We then performed knockdown experiments to validate if LINC01638 had a role in regulating MSC commitment. We determined that upon LINC01638 KD, hMSCs exhibited a decrease in proliferation. We investigated if the decrease in proliferation was associated with DNA damage or genomic stability by γH2Ax/p21/53BP1 (Fig. 2). We then knocked down LINC01638 during osteogenic differentiation and found that ALP expression was significantly affected, as well as osteogenesis-associated genes and several other gene pathways. Although osteogenesis was specifically affected, the majority of affected genes (LINC01638 KD) were associated with DNA damage, cell cycle, and chromosomal organization categories.

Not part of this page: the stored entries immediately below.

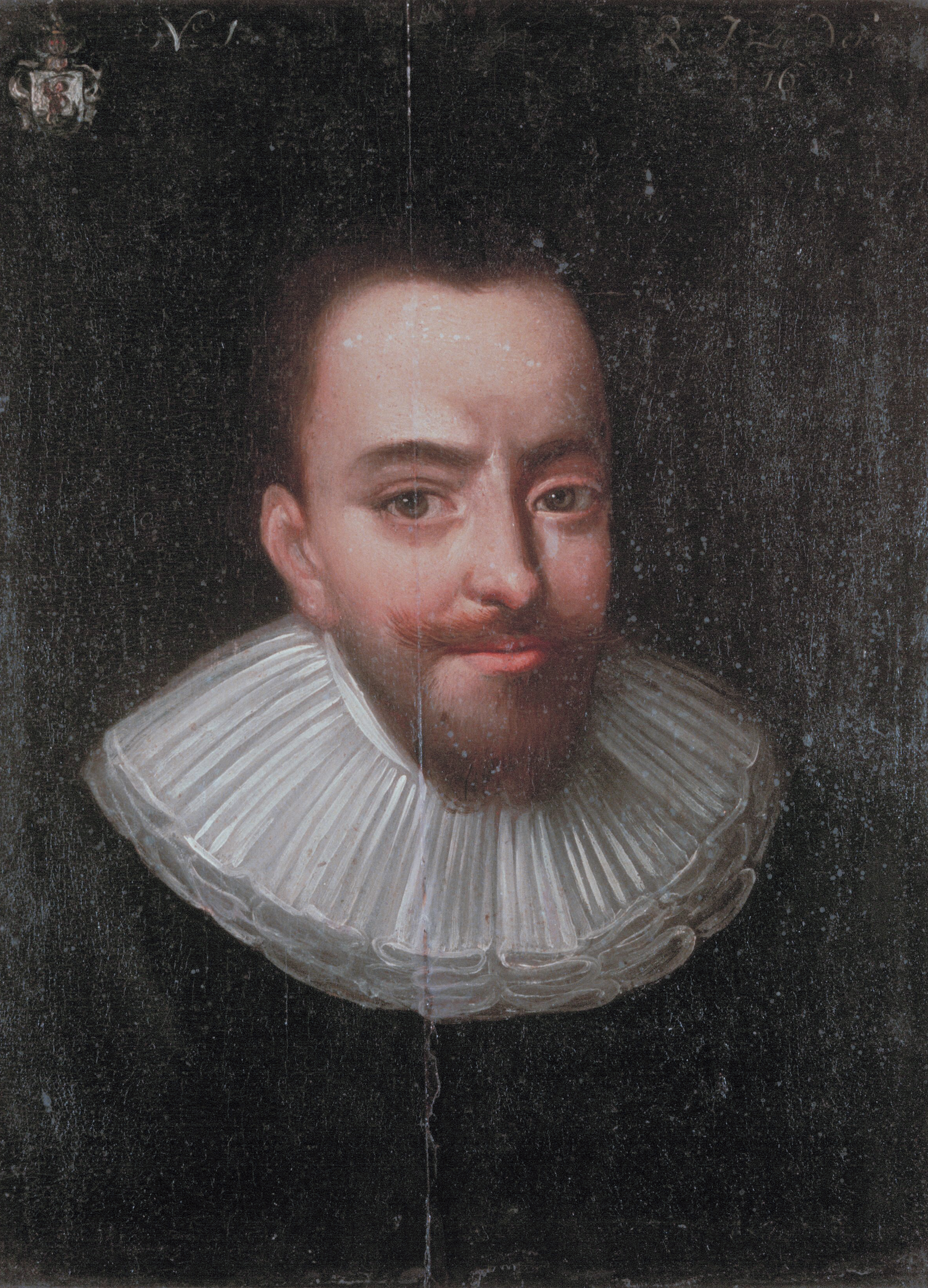 Richard Jean de Neree (1579- ) oil on panel 39 x 31 cm inscribed t.r.: R.J. de Neree / 16.. 1625 - 1649
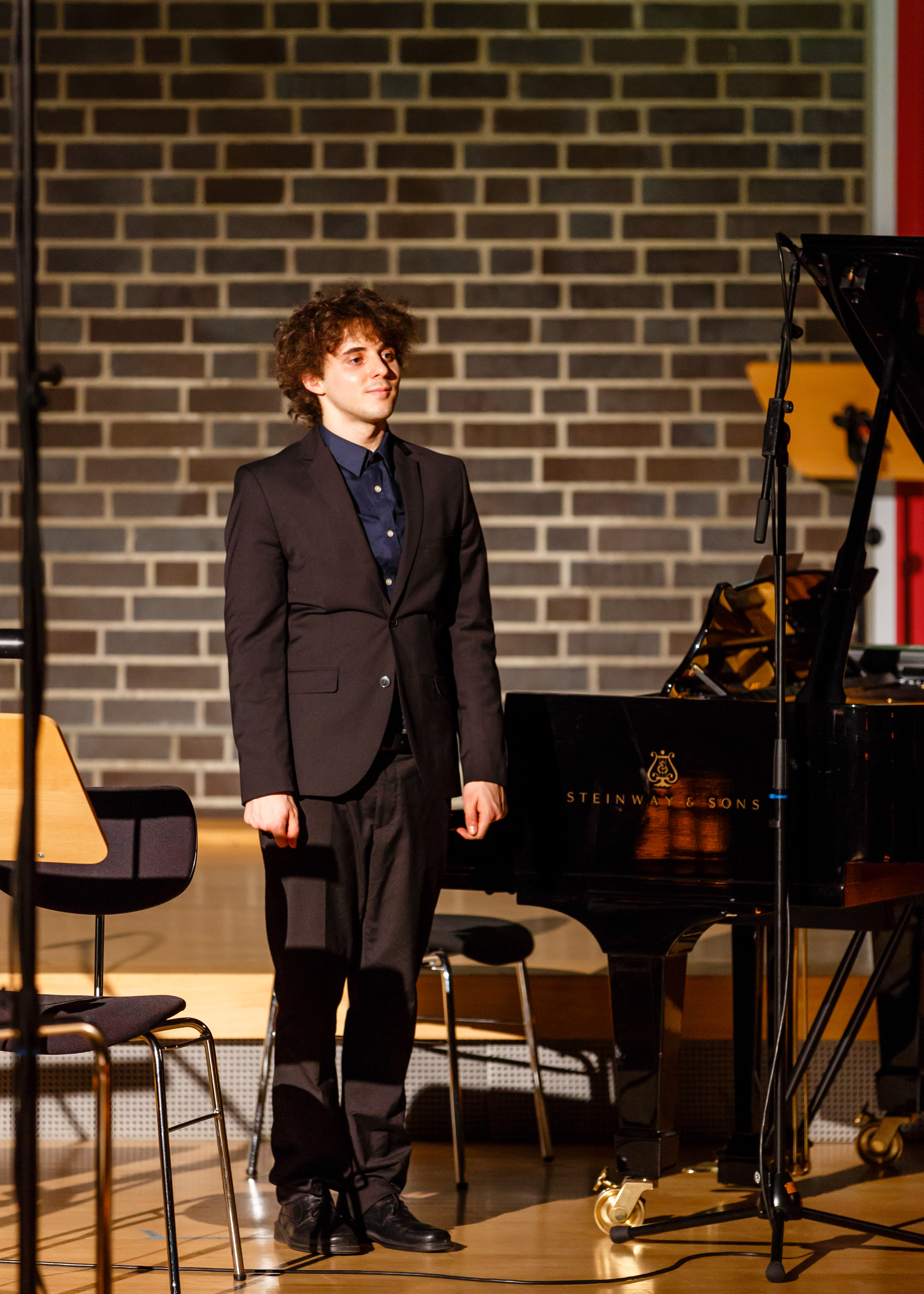 Düsseldorf, Germany: Ensemble Tempus Loquendí in Partikasaal of Robert-Schumann-Hochschule Düsseldorf after the founding concert of the ensemble. Julio G. Vico (Piano)
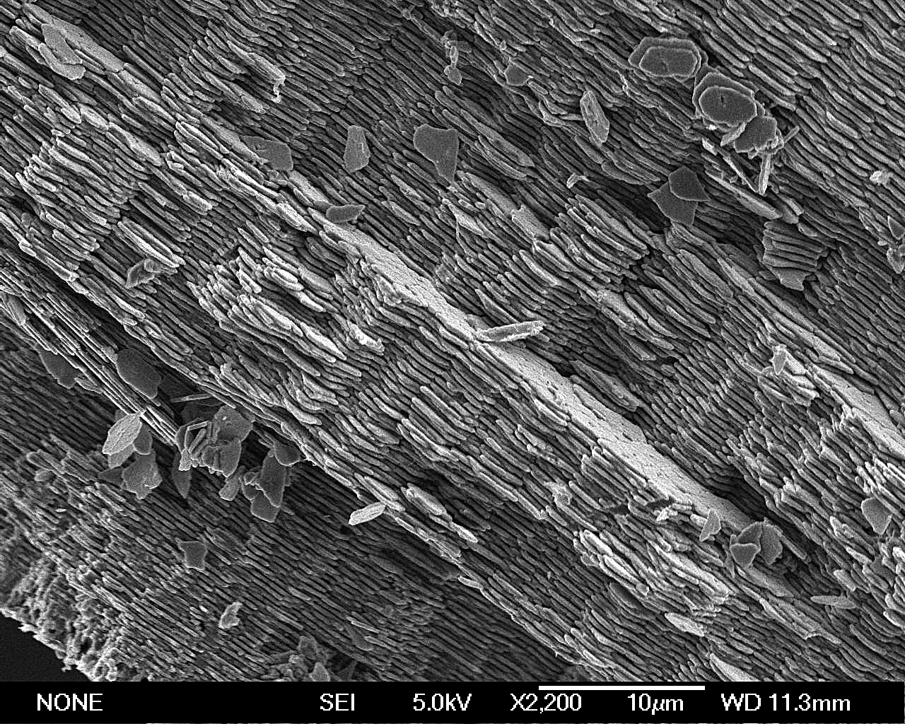 SEM micrograph of a part of the nacre layer of Leymeriella, a Lower Cretacoeus (Albian) ammonite, showing the typical stacks of tabular hexagonal crystals.
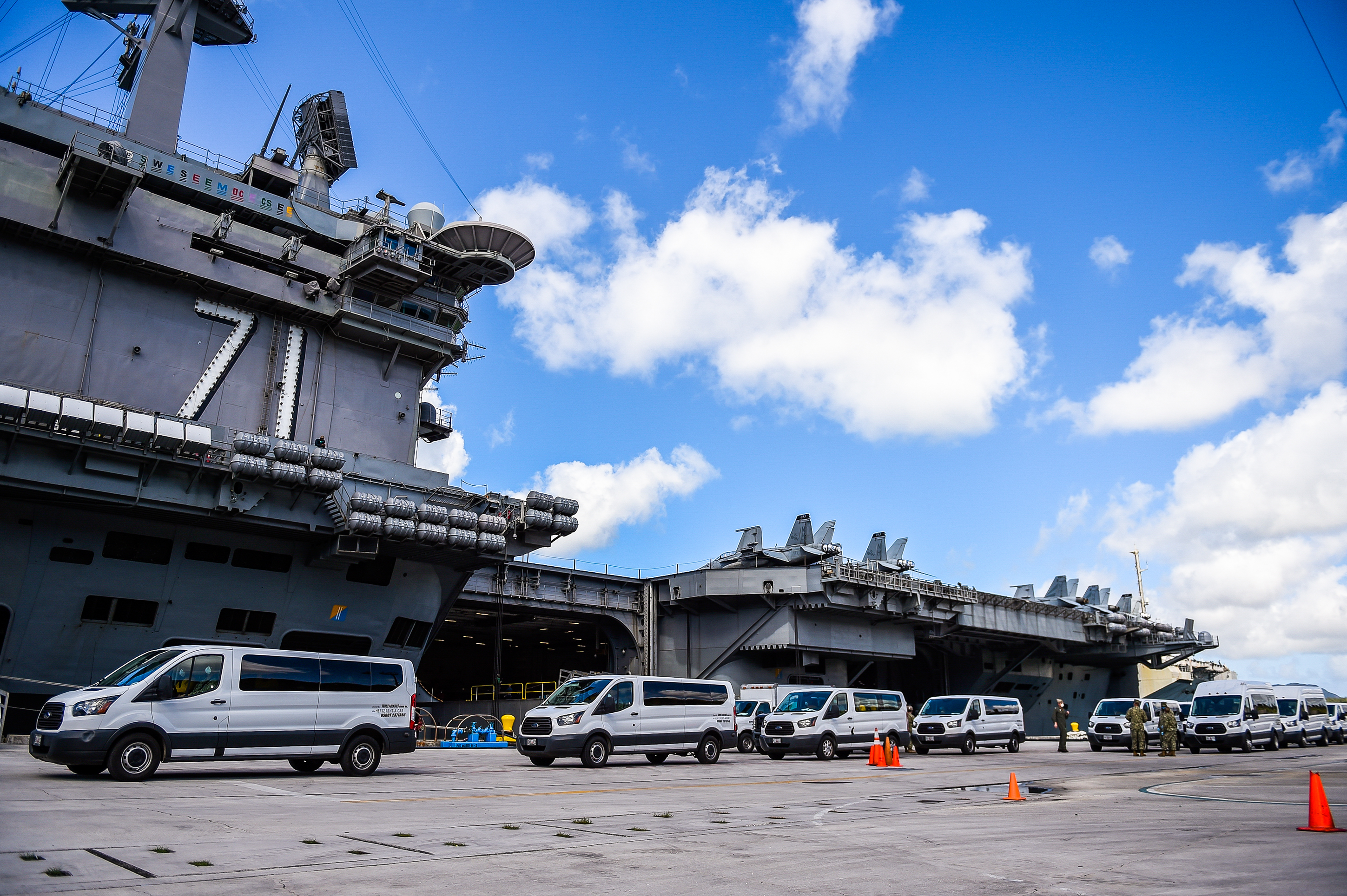 U.S. Navy Seabees assigned to Naval Mobile Construction Battalion (NMCB) 1 and NMCB 5 coordinate transportation of sailors assigned to the aircraft carrier USS Theodore Roosevelt (CVN-71) who have tested negative for COVID-19 and are asymptomatic from Naval Base Guam to government of Guam and military-approved commercial lodging. The sailors were required to remain in quarantine in their assigned lodging for at least 14 days, in accordance with U.S. Department of Defense directive and the Governor's executive order.
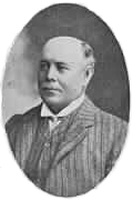 Crop of Alexander Cameron's picture from File:Members of Prahran & Malvern Tramway Trust as first Constituted, 1908.jpg
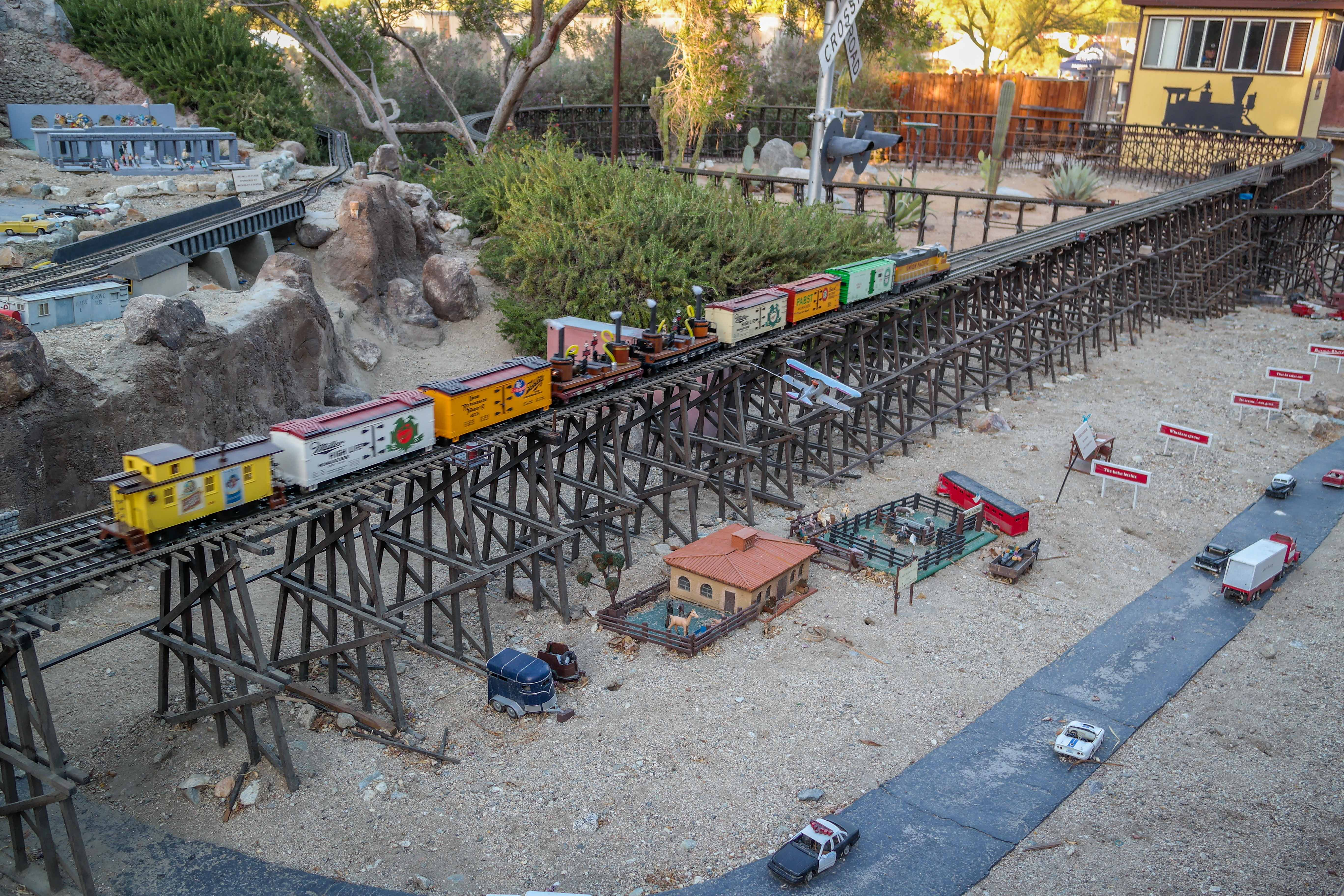 A model railroad bridge at the Living Desert, a zoo and botanical garden in Palm Desert, California

Hierarchical clustering of the differentially expressed mRNAs in naïve (untreated) MSCs versus LINC01638 KD MSCs (Fig. 3A) demonstrated 356 genes that were differentially upregulated (in LINC01638 KD), 708 genes that were significantly differentially expressed however classified as weak upregulated or weak downregulated, and 301 genes that were classified as downregulated (Supplementary table 1). Focusing on the overall role of LINC01638 KD in MSC commitment to osteogenesis, we further examined the effect of knockdown upon gene expression during differentiation.

Figure 3
figure 3

LINC01638 KD results in widespread changes in transcriptional activity. (A) Heatmap and hierarchical clustering of 1365 DE mRNAs in control (hMSC-hTERT20) versus LINC01638 KD. (B) Hierarchical clustering of 2054 DE genes in control versus LINC01638 KD that change during temporal stages (Day 0, Day 7, Day 14) of osteogenic differentiation. Clusters were segmented into expression profiles (magnitude change, mild increase, weak change, downregulated, upregulated). Values displayed are row-normalized z-score. (C, E) Gene-set enrichment analysis of genes identified by hierarchical clustering. Plots display ontology category, fold enrichment (x axis scale), number of genes (dot size) and enrichment FDR (line color). (D, F) Heatmaps of gene expression of representative genes from selected ontological categories. Gene expression values are plotted as row-normalized z-scores. Heatmaps were generated by R [(4.2.2) using packages ggplot2 (3.4.4) and pheatmap (1.0.12)].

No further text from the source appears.